Let's create a multiset $X$, initially empty. Then, for each $i$ from $1$ to $m$, you must perform the following action exactly once:
- Choose some $v_i$ such that $l_i \le v_i \le r_i$
- Choose any $v_i$ numbers from the $i$-th multiset and add them to the multiset $X$.
You need to choose $v_1, \ldots, v_m$ and the added numbers in such a way that the resulting multiset $X$ has the minimum possible anti-beauty.
Input
Each test consists of multiple test cases. The first line contains a single integer $t$ ($1 \le t \le 10^4$) — the number of test cases.

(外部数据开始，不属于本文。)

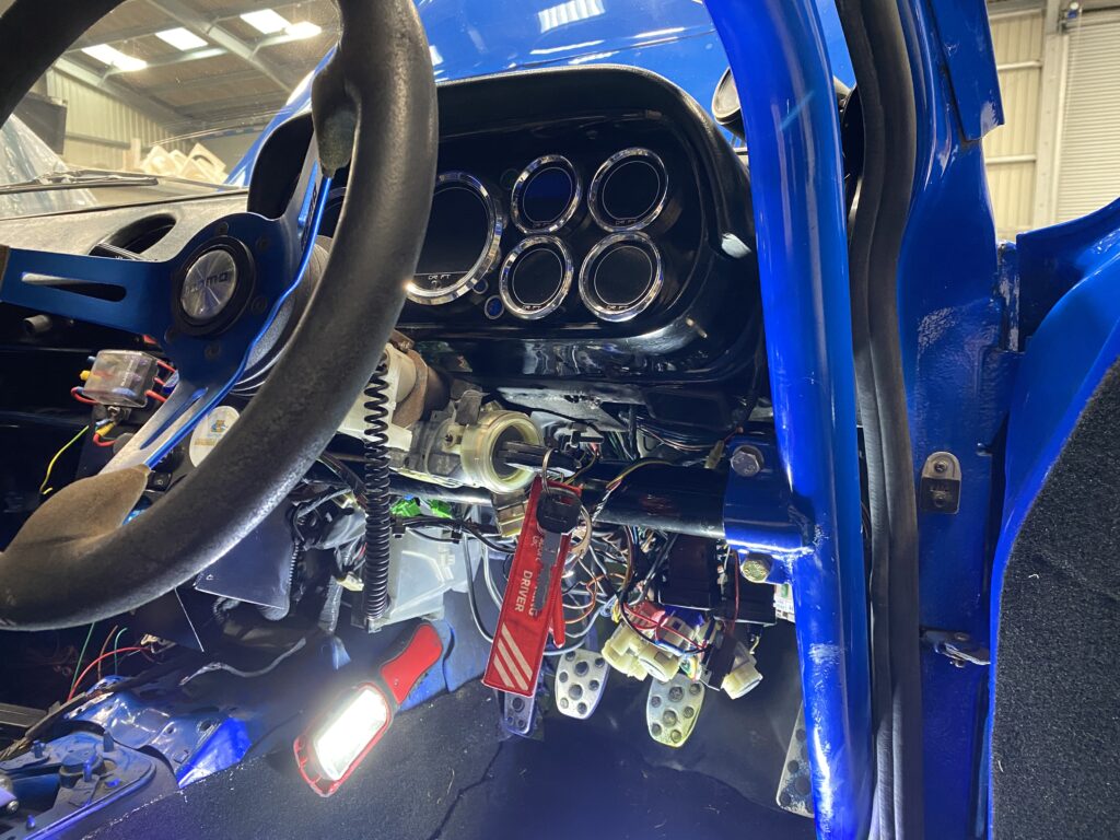Having removed the dashboard and released the wiring looms down – as they fell down two wires that had previously been sitting side-by-side in close proximity – probably for years – dropped to embrace each other. There was a deep orange glow and a whistle of the fire whipping up a cable. Luckily the isolation switch was close by and was reached before the spark could spread. The fire safety stick, always on hand, was mercifully not needed.

The description of the test cases follows.
The first line of each test case contains a single integer $m$ ($1 \le m \le 10^5$) — the number of given multisets.
Then, for each $i$ from $1$ to $m$, a data block consisting of three lines is entered.
The first line of each block contains three integers $n_i, l_i, r_i$ ($1 \le n_i \le 10^5, 1 \le l_i \le r_i \le c_{i, 1} + \ldots + c_{i, n_i} \le 10^{17}$) — the number of distinct numbers in the $i$-th multiset and the limits on the number of elements to be added to $X$ from the $i$-th multiset.
The second line of the block contains $n_i$ integers $a_{i, 1}, \ldots, a_{i, n_i}$ ($1 \le a_{i, 1} < \ldots < a_{i, n_i} \le 10^{17}$) — the distinct elements of the $i$-th multiset.
The third line of the block contains $n_i$ integers $c_{i, 1}, \ldots, c_{i, n_i}$ ($1 \le c_{i, j} \le 10^{12}$) — the number of copies of the elements in the $i$-th multiset.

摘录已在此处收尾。